Problem statement:
Copy out exactly the stretch below, from the line with "4 janvier 2021." through the line with "証券最大手の「野村證券」が育", both included; the pictures stay out.

*** Opening Data records ***

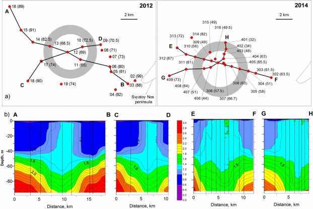 Mesures hydrographiques du 6 avril 2012 (transects A-B et C-D, à gauche) et du 3 et 4 avril 2014 (transects E-F et G-H, à droite) dans la région du cap Nizhneye Izgolovye du lac Baikal: a) cartes des stations avec les mesures d'épaisseur de la glace (en cm dans les parenthèses), les transects (lignes noires) et les anneaux (cercles gris) et b) sections verticales de la température de l'eau (°C).
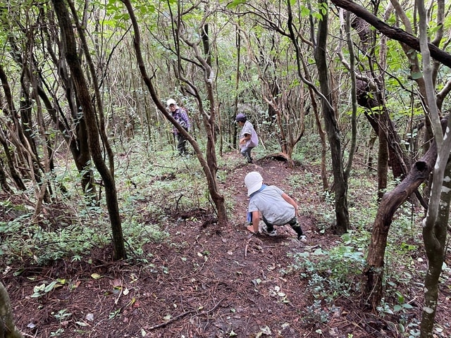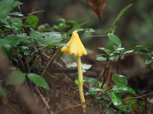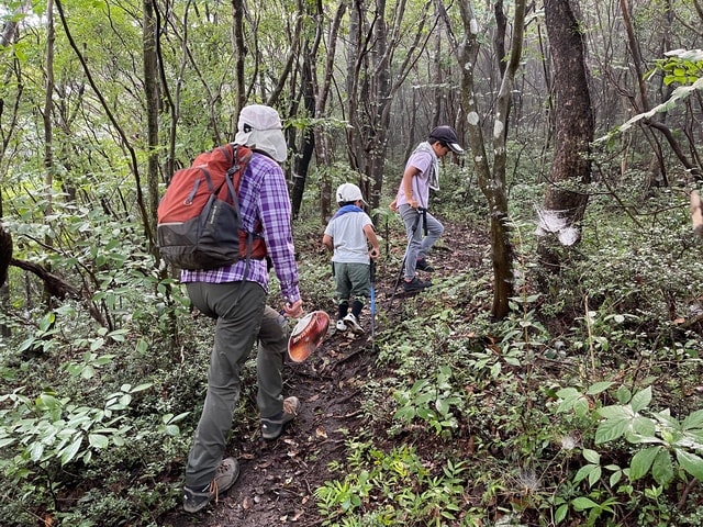 雨で濡れ滑り易くなった山路を登離、
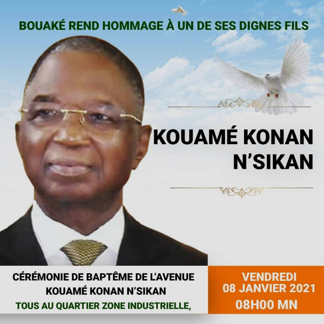 « Chers amis de la presse, nous sommes très heureux de vous recevoir ce jour plus que d’habitude, je suis tentée de dire, dans les locaux de la Mairie de Bouaké, la raison de cette joie manifeste est toute simple : de par la volonté du premier magistrat de notre cité, le Maire DJIBO Youssouf Nicolas, auxquels ont bien voulu s’associer d’illustres fils de la Région parmi lesquels, les Ministres Amadou KONE, Jean-Claude KOUASSI, Sidi Tiémoko TOURE et le DG ASSAHORE Konan Jacques, il est prévu que Bouaké rende hommage le vendredi 8 janvier prochain, à feu le Doyen Kouamé Konan N’SIKAN » a-t-elle indiqué lundi 4 janvier 2021.
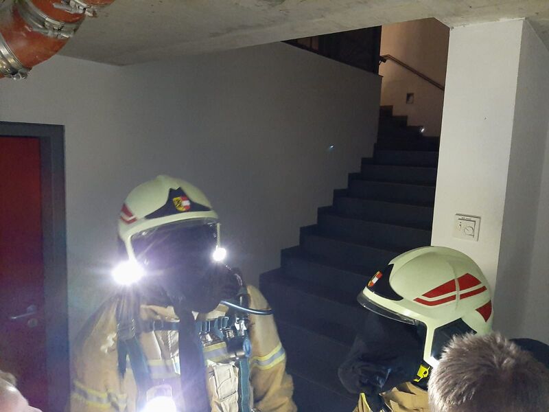 Eine Personenrettung bei sehr beschränkter Sicht wurde durchgeführt. Hierzu wurden den Atemschutzgeräteträger das Sichtfenster der Maske mit einer Stoffabdeckung verdunkelt.
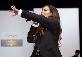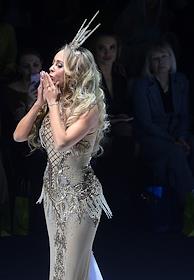"Неделя моды в Москве. Сделано в России" "Moscow Fashion Week" сезон весна-лето 2019/2020 прошла в Гостином дворе. Показ коллекции "Глянец" дизайнера Анны Часовских (A. CHASOVSKIH) и дизайнера украшений Веры Басалаевой. Певица Анна Седакова во время показа.
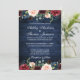 Rustic Blue Wood Wedding Floral Burgundy Blue Einladung
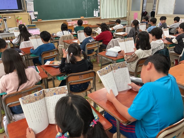 2年生では「かさこじぞう」の単元に入っています。音読では昔話の世界に浸りながら順番に音読をしていました。友達の音読の工夫を感じながら、静かに耳を傾けて聞いている集中力が素敵でした。これから昔話の「良さ」や「面白さ」を見つけながら、仲間と先生と共に学んでいきます。
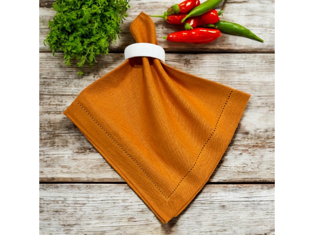 #SalsaVerde #Barcelona #středněOranžovýUbrousek #OzdobnáAžura #LuxusníStolování #KvalitníMateriály #Bavlna #Len #ModerníDesign #ElegantníStůl #DekoraceNaStůl
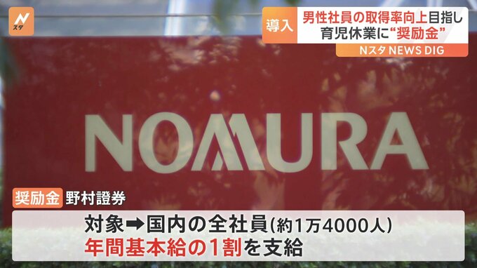 証券最大手の「野村證券」が育児休業の取得を男性社員に浸透させるため、奨励金の支給を始めます。野村ホールディングス傘下の野村證券は、育児休業を1か月以上取得した社員に奨励金を支給する制度を発表しました…
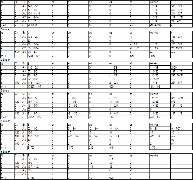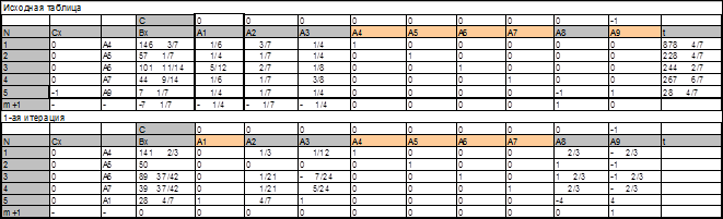 Сравнение количества вычислений на каждой итерации приводит к следующим оценочным результатам рассматриваемых алгоритмов. Преимущественная часть вычислений на каждом шаге алгоритмов определяется размерностью главной части таблицы (в первом алгоритме) или основной таблицы (во втором алгоритме). В первом случае она имеет размерность (m +1)x(n +1), во втором - (m +1)x(m +1). Даже учитывая, что второй алгоритм требует построения вспомогательной таблицы, он оказывается более компактным.

*** Closing Data records ***

Response to the task:
 « Chers amis de la presse, nous sommes très heureux de vous recevoir ce jour plus que d’habitude, je suis tentée de dire, dans les locaux de la Mairie de Bouaké, la raison de cette joie manifeste est toute simple : de par la volonté du premier magistrat de notre cité, le Maire DJIBO Youssouf Nicolas, auxquels ont bien voulu s’associer d’illustres fils de la Région parmi lesquels, les Ministres Amadou KONE, Jean-Claude KOUASSI, Sidi Tiémoko TOURE et le DG ASSAHORE Konan Jacques, il est prévu que Bouaké rende hommage le vendredi 8 janvier prochain, à feu le Doyen Kouamé Konan N’SIKAN » a-t-elle indiqué lundi 4 janvier 2021.
 Eine Personenrettung bei sehr beschränkter Sicht wurde durchgeführt. Hierzu wurden den Atemschutzgeräteträger das Sichtfenster der Maske mit einer Stoffabdeckung verdunkelt.
"Неделя моды в Москве. Сделано в России" "Moscow Fashion Week" сезон весна-лето 2019/2020 прошла в Гостином дворе. Показ коллекции "Глянец" дизайнера Анны Часовских (A. CHASOVSKIH) и дизайнера украшений Веры Басалаевой. Певица Анна Седакова во время показа.
 Rustic Blue Wood Wedding Floral Burgundy Blue Einladung
 2年生では「かさこじぞう」の単元に入っています。音読では昔話の世界に浸りながら順番に音読をしていました。友達の音読の工夫を感じながら、静かに耳を傾けて聞いている集中力が素敵でした。これから昔話の「良さ」や「面白さ」を見つけながら、仲間と先生と共に学んでいきます。
 #SalsaVerde #Barcelona #středněOranžovýUbrousek #OzdobnáAžura #LuxusníStolování #KvalitníMateriály #Bavlna #Len #ModerníDesign #ElegantníStůl #DekoraceNaStůl
 証券最大手の「野村證券」が育児休業の取得を男性社員に浸透させるため、奨励金の支給を始めます。野村ホールディングス傘下の野村證券は、育児休業を1か月以上取得した社員に奨励金を支給する制度を発表しました…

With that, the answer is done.